(Source data)

....

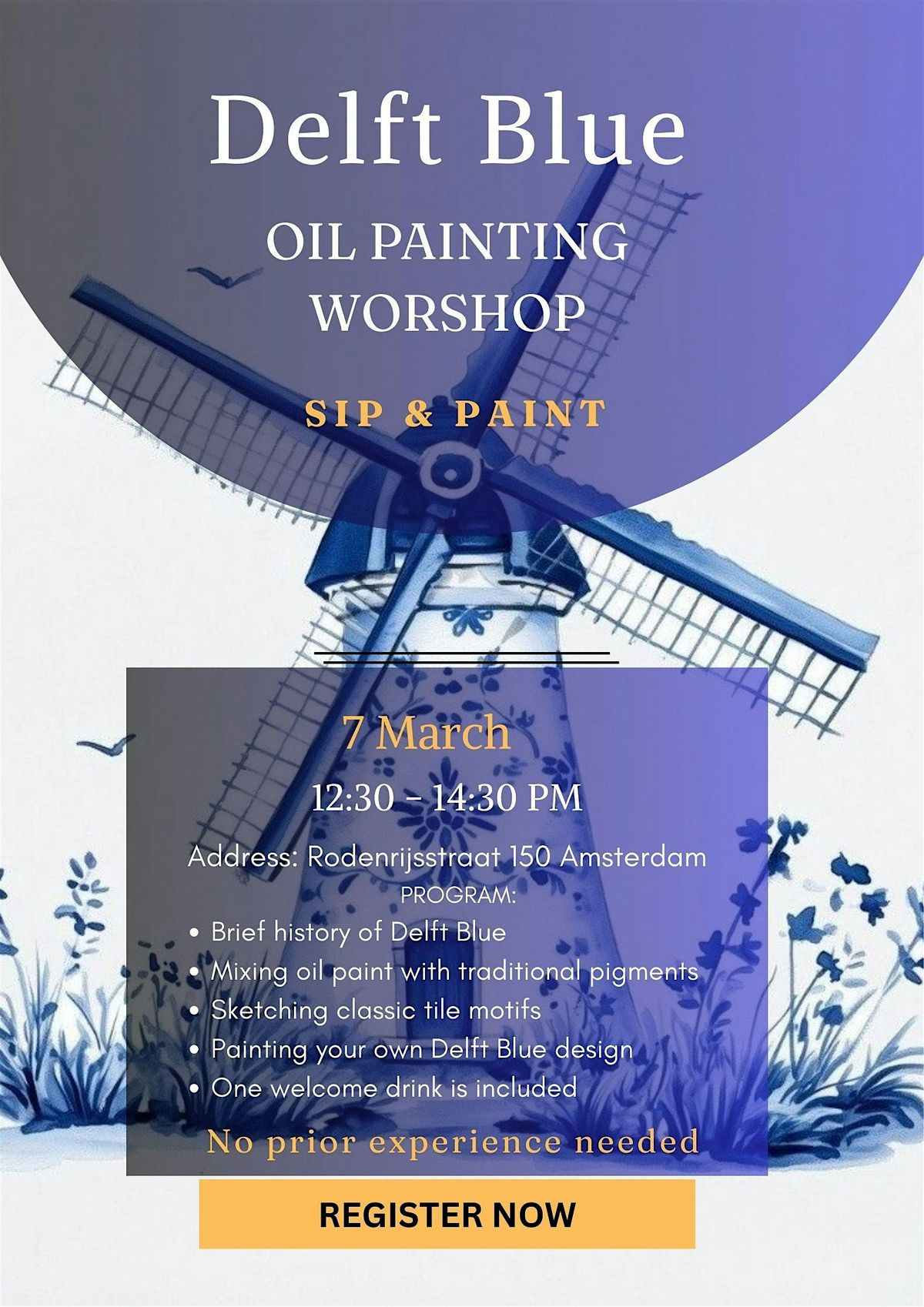 Discover the timeless beauty of Delft Blauw — the iconic blue-and-white art that has adorned Dutch tiles and ceramics since the 17th century. In this hands-on workshop, you’ll not only learn the history and secrets behind this craft but also create your own masterpiece using authentic old painting techniques.
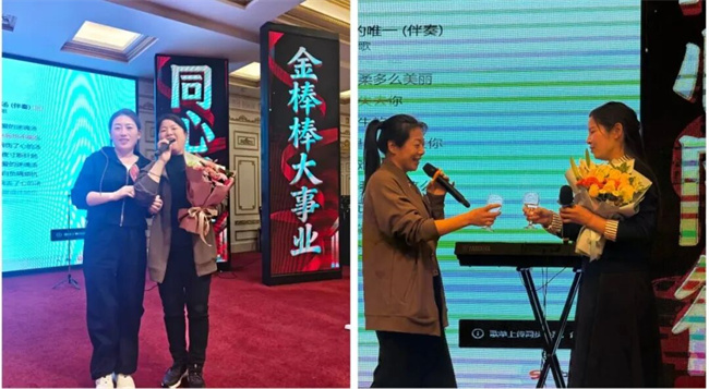 晚宴上,气氛热烈而温馨。多位客户自告奋勇,踊跃上台,用歌声表达对金棒棒事业的热爱与支持。最动人的一幕,发生在晚宴进行中。公司领导在席间深情地说:“在我们的事业中,有无数女性朋友默默耕耘、辛勤付出。她们是田间的守护者,是家庭的顶梁柱,更是我们金棒棒事业不可或缺的‘半边天’。”公司为在场的每一位女客户送上了精心准备的鲜花。
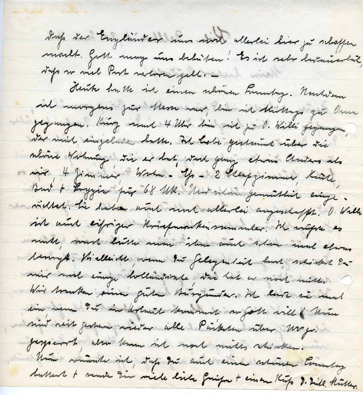 Nun wünsche ich, daß Du auch einen schönen Sonntag hattest + sende Dir viele liebe Grüße + einen Kuß. D. Dich l. Mutter.
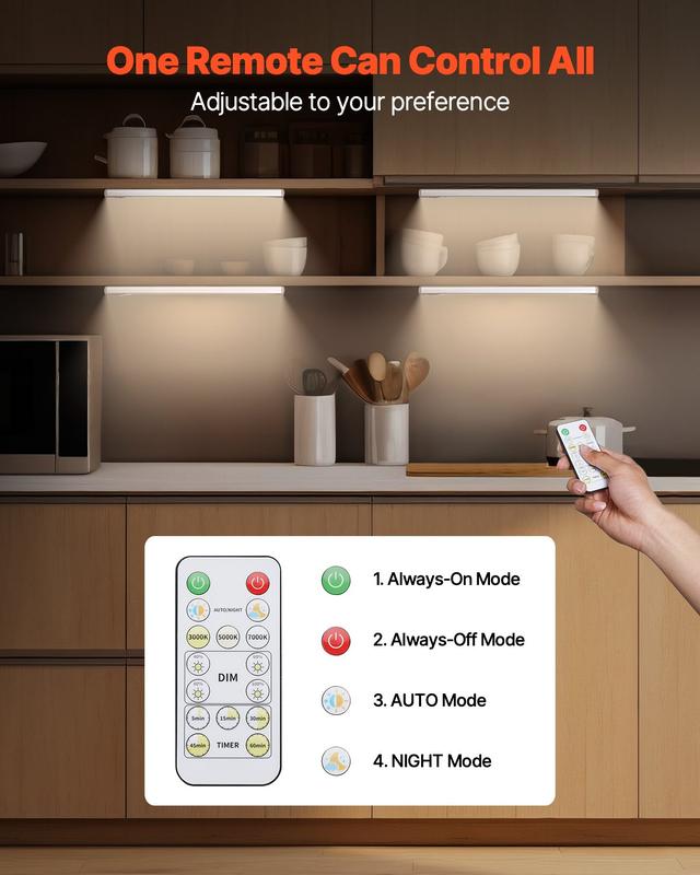 ·Dimmable & Adjustable Color Temperature: Adjust the brightness and choose from 3 color temperatures (3000K, 5000K, 7000K) to match your mood and space. Whether you’re setting the vibe for a cozy kitchen or brightening up your closet, these lights are ideal for any under cabinet lighting need.
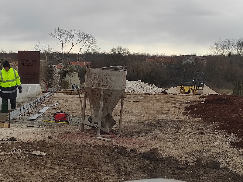 Projekt uređenja Krvove place izradio je Arhitektonika Studio d.o.o. Labin, dok radove vrijedne oko 450 tisuća kuna, iz programa redovnog održavanja komunalne infrastrukture Grada Labina, izvoditi trgovačko društvo 1. Maj d.o.o. iz Labina.
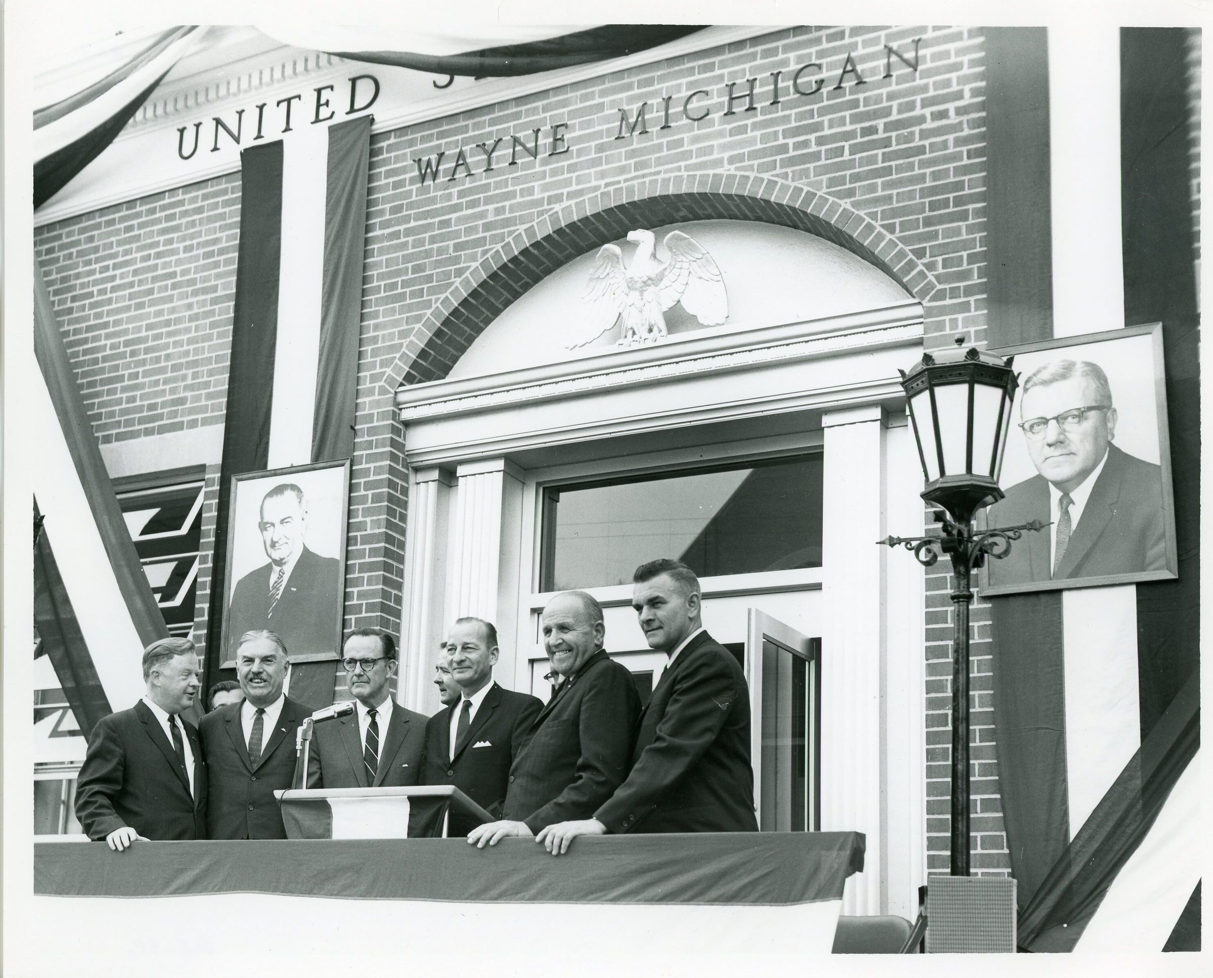 Post Office Dedication for 1964 remodeling. From left to right, Neil, Staedler, Philip Hart, John Lesinski, Dan Howell (Postmaster) and James Attwood (Wayne Mayor)Cataloged By
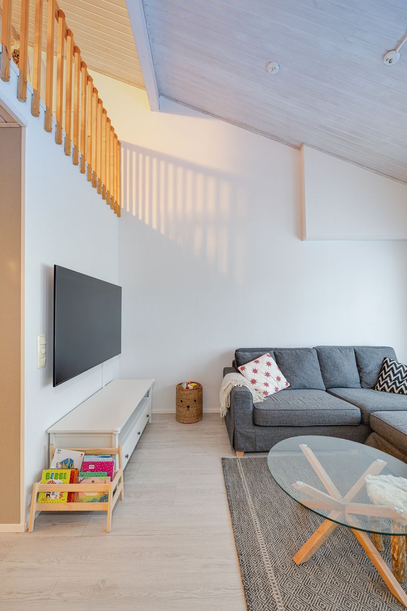Ytmaterial: Golvmaterial: Parkett i vardagsrummet, i sovrummena och i köket. Laminat på loftet.
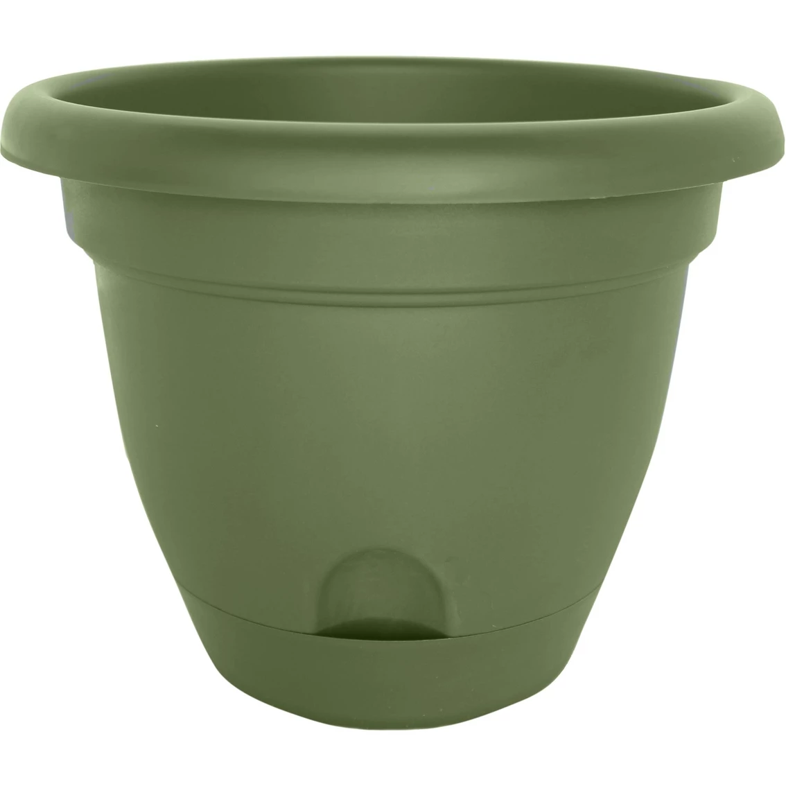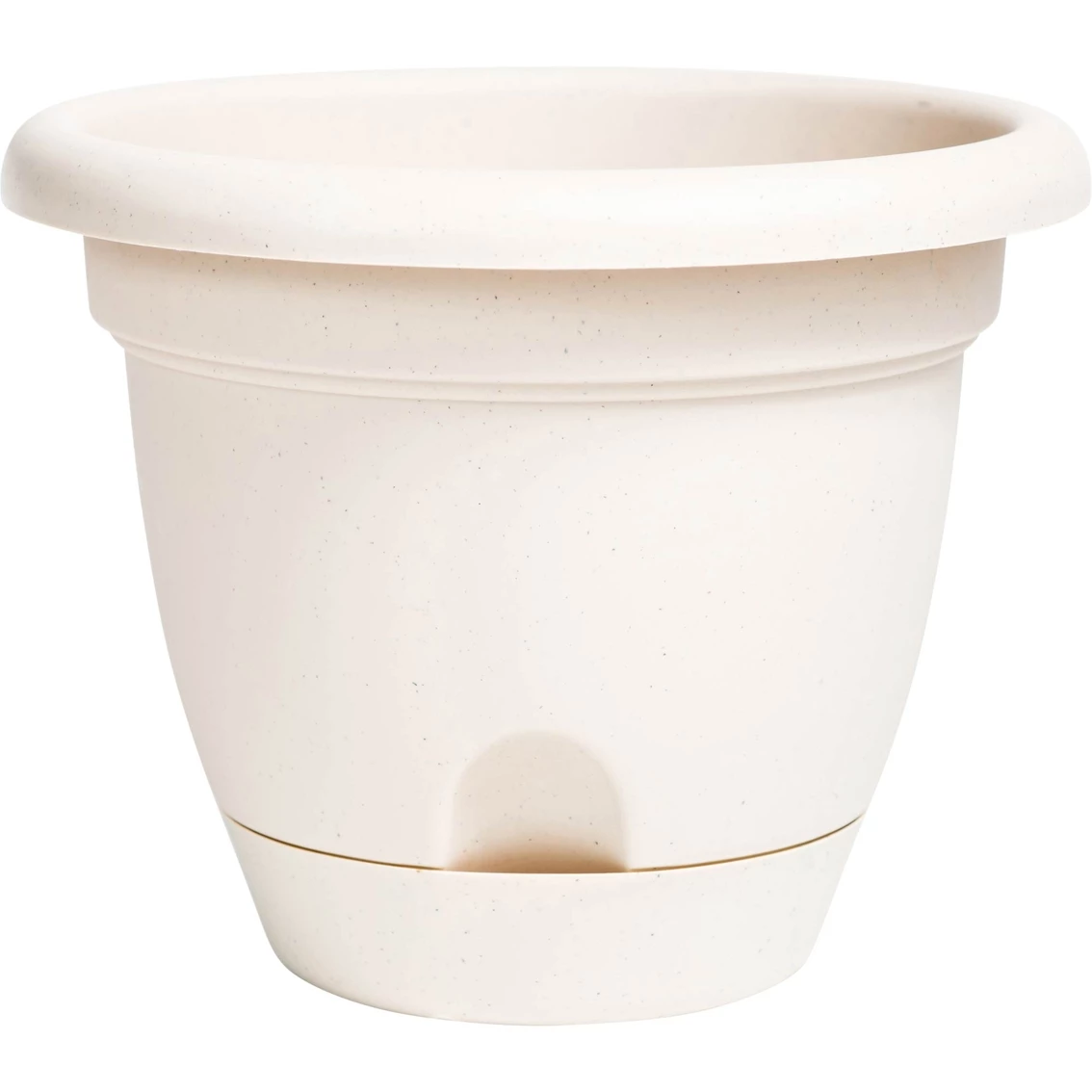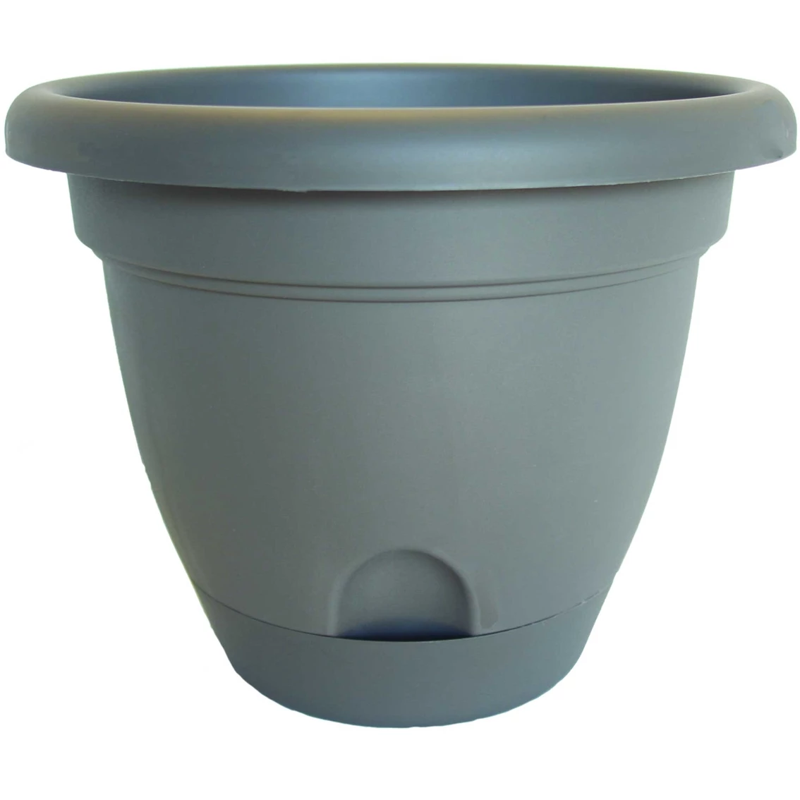 The 8 in. Lucca Planter from Bloem has an attached redesigned saucer and self-watering feature. Rolled rim. Model: 100541832.
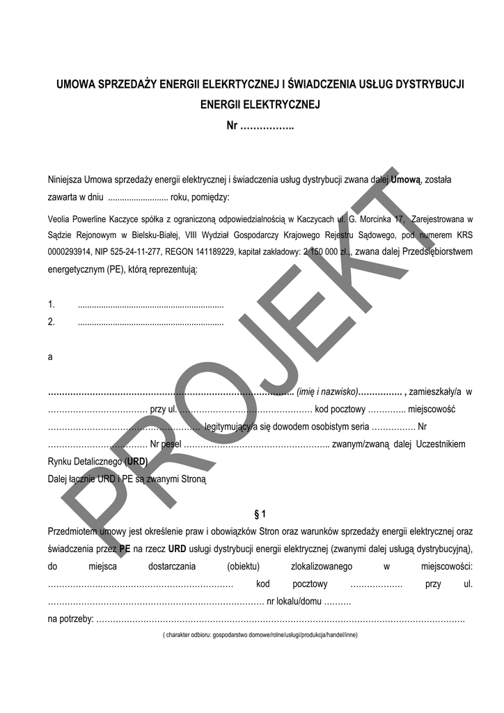 UMOWA SPRZEDAŻY ENERGII ELEKRTYCZNEJ I ŚWIADCZENIA USŁUG DYSTRYBUCJI ENERGII ELEKTRYCZNEJ Nr …………….. Niniejsza Umowa sprzedaży energii elektrycznej i świadczenia usług dystrybucji zwana dalej Umową, została zawarta w dniu .......................... roku, pomiędzy: Veolia Powerline Kaczyce spółka z ograniczoną odpowiedzialnością w Kaczycach ul. G. Morcinka 17, Zarejestrowana w Sądzie Rejonowym w Bielsku-Białej, VIII Wydział Gospodarczy Krajowego Rejestru Sądowego, pod numerem KRS 0000293914, NIP 525-24-11-277, REGON 141189229, kapitał zakładowy: 2 150 000 zł.,, zwana dalej Przedsiębiorstwem energetycznym (PE), którą reprezentują: 1. ............................................................... 2. ............................................................... a …………………………………………………………………………….. (imię i nazwisko)……………. , zamieszkały/a w ……………………………… przy ul. ………………………………………… kod pocztowy ………….. miejscowość ………………………………………………. legitymujący/a się dowodem osobistym seria ……………. Nr ……………………………… Nr pesel …………………………………………….. zwanym/zwaną dalej Uczestnikiem Rynku Detalicznego (URD) Dalej łącznie URD i PE są zwanymi Stroną §1 Przedmiotem umowy jest określenie praw i obowiązków Stron oraz warunków sprzedaży energii elektrycznej oraz świadczenia przez PE na rzecz URD usługi dystrybucji energii elektrycznej (zwanymi dalej usługą dystrybucyjną), do miejsca dostarczania (obiektu) ……………….………………………………………… kod zlokalizowanego pocztowy w ………………. miejscowości: przy ul. …………………………………………………………………… nr lokalu/domu ………. na potrzeby: ……………………………………………………………………………………………………………………. ( charakter odbioru: gospodarstwo domowe/rolne/usługi/produkcja/handel/inne) §2 PE nadaje URD następujący kod identyfikacyjny: …………………………… §3 URD oświadcza, że na dzień podpisania Umowy posiada aktualny tytuł prawny do obiektu o którym mowa w §1 Umowy w postaci ……………………………………………………………………………………………….. (odpis KW, akt własności, umowa najmu, dzierżawy itp.) §4 URD oświadcza, ze otrzymał oraz zapoznał się z treścią ,,Ogólne warunki umowy o świadczenie usług dystrybucji energii elektrycznej Veolia Powerline Kaczyce spółka z ograniczoną odpowiedzialnością. §5 Usługa dystrybucyjna jest realizowana na podstawie warunków przyłączenia nr………………….. oraz umowy przyłączeniowej nr……………………. z dnia ……………… roku. 1. Moc przyłączeniowa ………………kW, 2. Grupa przyłączeniowa ………. ….. 3. Zabezpieczenie przedlicznikowe …………………….. 4. Moc umowna …………kW 5. Grupa Taryfowa: … Usługa dystrybucji jest realizowana przy zachowanym przez URD współczynniku Tgφ niewiększym niż 0,4, w układzie ………….. fazowym na niskim napięciu (nN). Dostarczanie energii elektrycznej odbywa się poprzez przyłącze ………………….., ze stacji nr ……………… z obwodu …………………… i nr złącza/słupa……………. §6 Ustala się następujące granice stron: ……………………………………………………………………………………………………………………… §7 Dane układu pomiarowo-rozliczeniowego: 1. Rodzaj układu pomiarowo-rozliczeniowego ………………….……………. (bezpośredni/pośredni/przedpłatowy) 2. Mnożna układu pomiarowo-rozliczeniowego ………………. ____________________________________________________________________________ Strona 2 z 4 3. Miejsce zabudowania układu pomiarowo-rozliczeniowego ………………………………………..…………… …………………………………………………………………………………………………………………………… 4. Własność układu pomiarowo-rozliczeniowego – PE §8 1. Rozliczenia za sprzedaną energię elektryczną będą odbywać się według zasad, cen i stawek opłat w Taryfie dla energii elektrycznej. 2. Rozliczenia za świadczone usługi dystrybucyjne będą odbywać się według zasad, cen i stawek opłat w Taryfie dla usług dystrybucji energii elektrycznej. 3. Okres rozliczeniowy wynosi ……………….. 4. Płatności będą regulowane w terminie 14 dni od daty wystawienia faktury na konto PE: …………………………………………………………………………………………………………………………… §9 1. Umowa wchodzi w życie z dniem ………… r. i obowiązuje do ……………… (lub na czas nieokreślony). 2. Dzień wejścia w życie Umowy jest dniem rozpoczynającym świadczenie usługi dystrybucji przez PE. § 10 Integralną część Umowy stanowią następujące załączniki: a) załącznik ,,Ogólne warunki umowy o świadczenie usług dystrybucji energii elektrycznej Veolia Powerline Kaczyce spółka z ograniczoną odpowiedzialnością”, b) kserokopia dokumentu stwierdzającego tytuł prawny do obiektu Umowa niniejsza została sporządzona w dwóch jednobrzmiących egzemplarzach, po jednym dla każdej ze Stron. PE ………………………………….. URD ………………………………….. ____________________________________________________________________________ Strona 3 z 4 Na podstawie art. 24 ust. 1 ustawy z dnia 29 sierpnia 1997 r. o ochronie danych osobowych (tekst jednolity Dz. U. z 2002 roku, Nr 101, poz. 926, z późn. zm.) informuję Pana/Panią, że administratorem danych przetwarzającym Pana/Pani dane osobow

....

Required work => Using the data above, which lines fall from the one with "Post Office Dedication" through the one with "The 8 in. Lucca"? Repeat them exactly, ends included, minus any pictures.

Written response =>
 Post Office Dedication for 1964 remodeling. From left to right, Neil, Staedler, Philip Hart, John Lesinski, Dan Howell (Postmaster) and James Attwood (Wayne Mayor)Cataloged By
Ytmaterial: Golvmaterial: Parkett i vardagsrummet, i sovrummena och i köket. Laminat på loftet.
 The 8 in. Lucca Planter from Bloem has an attached redesigned saucer and self-watering feature. Rolled rim. Model: 100541832.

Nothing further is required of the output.